— Task description —
The lines below, from the one holding "Aire de jeu" through the final line, are to be copied exactly, with no other lines and no pictures.

— Input data —

◆ ◆ ◆

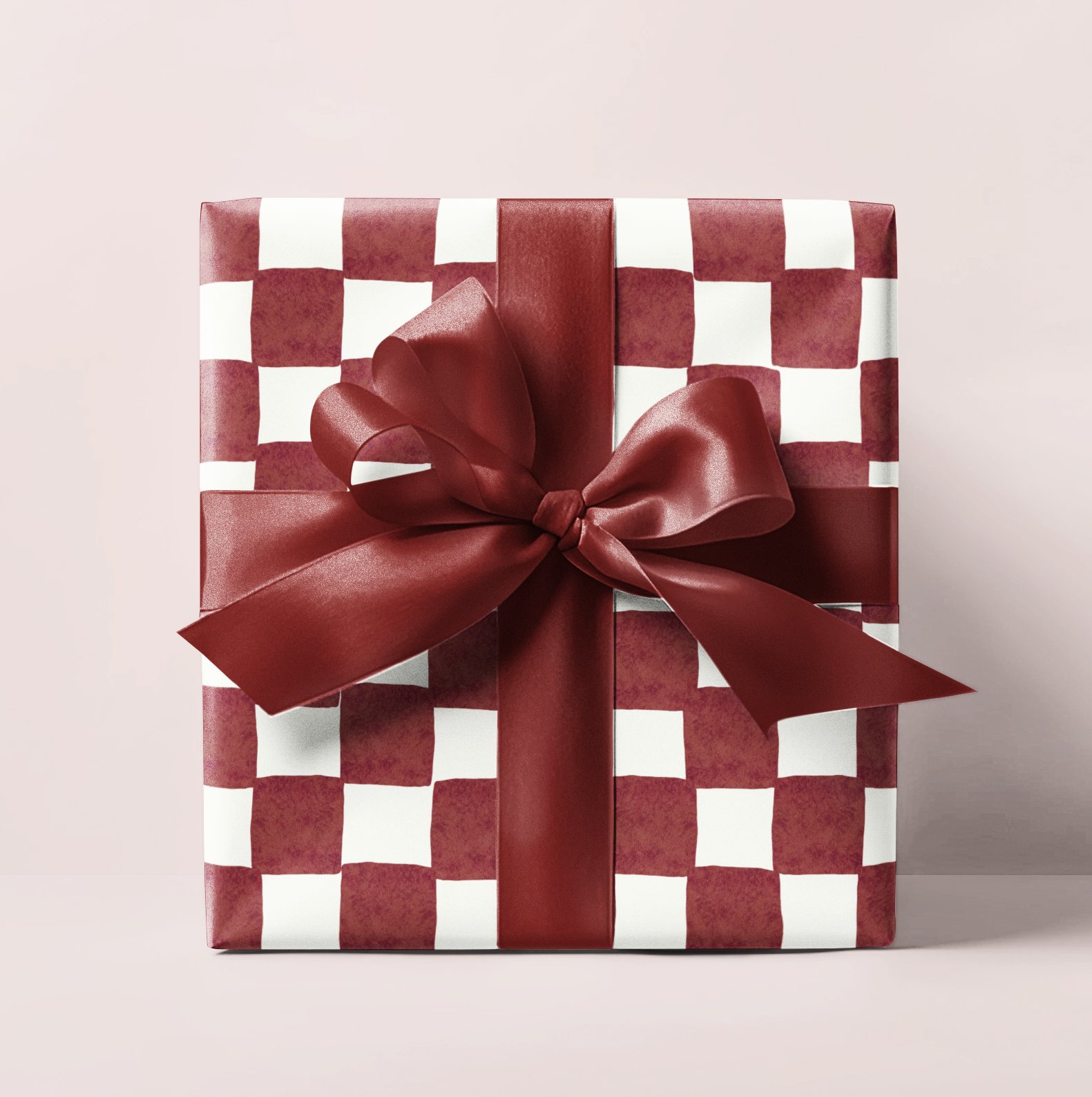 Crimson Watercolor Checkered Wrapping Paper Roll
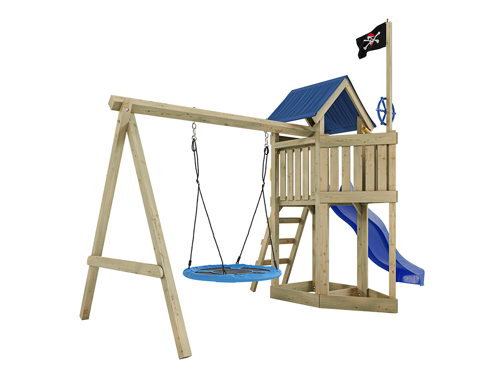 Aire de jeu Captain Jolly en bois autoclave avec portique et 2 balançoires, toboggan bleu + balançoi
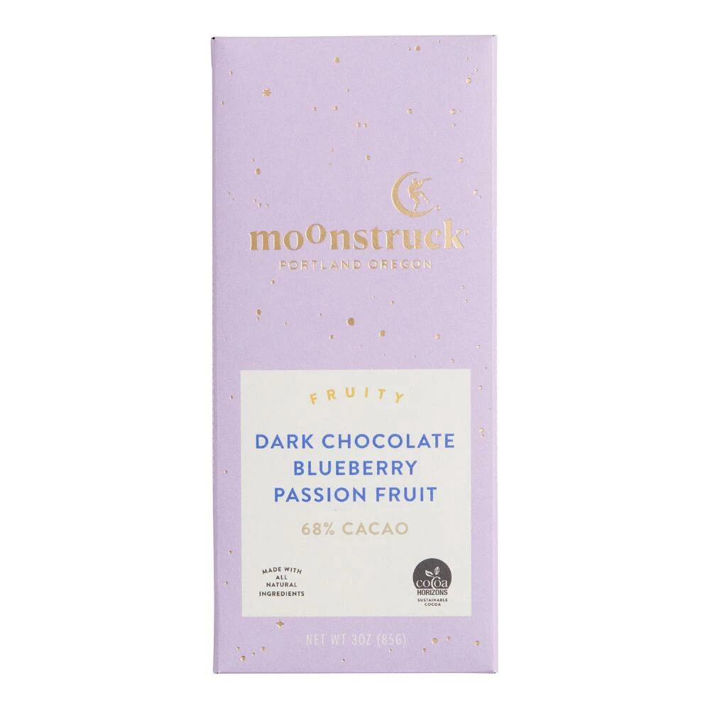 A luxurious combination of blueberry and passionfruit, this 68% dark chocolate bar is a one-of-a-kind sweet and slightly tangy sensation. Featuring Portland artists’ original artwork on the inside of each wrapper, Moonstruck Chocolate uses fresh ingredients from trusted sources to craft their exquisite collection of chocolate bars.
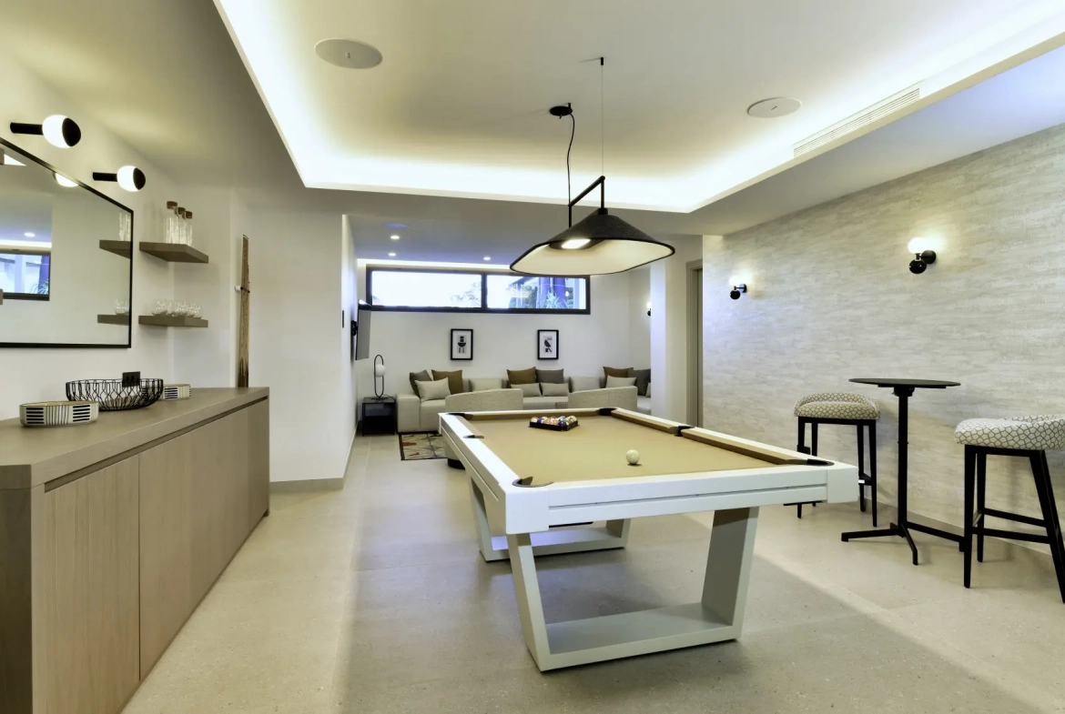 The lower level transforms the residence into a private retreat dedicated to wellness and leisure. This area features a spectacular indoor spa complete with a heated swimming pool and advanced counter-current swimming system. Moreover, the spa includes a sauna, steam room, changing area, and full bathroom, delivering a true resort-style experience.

◆ ◆ ◆

— Completed task —
 Aire de jeu Captain Jolly en bois autoclave avec portique et 2 balançoires, toboggan bleu + balançoi
 A luxurious combination of blueberry and passionfruit, this 68% dark chocolate bar is a one-of-a-kind sweet and slightly tangy sensation. Featuring Portland artists’ original artwork on the inside of each wrapper, Moonstruck Chocolate uses fresh ingredients from trusted sources to craft their exquisite collection of chocolate bars.
 The lower level transforms the residence into a private retreat dedicated to wellness and leisure. This area features a spectacular indoor spa complete with a heated swimming pool and advanced counter-current swimming system. Moreover, the spa includes a sauna, steam room, changing area, and full bathroom, delivering a true resort-style experience.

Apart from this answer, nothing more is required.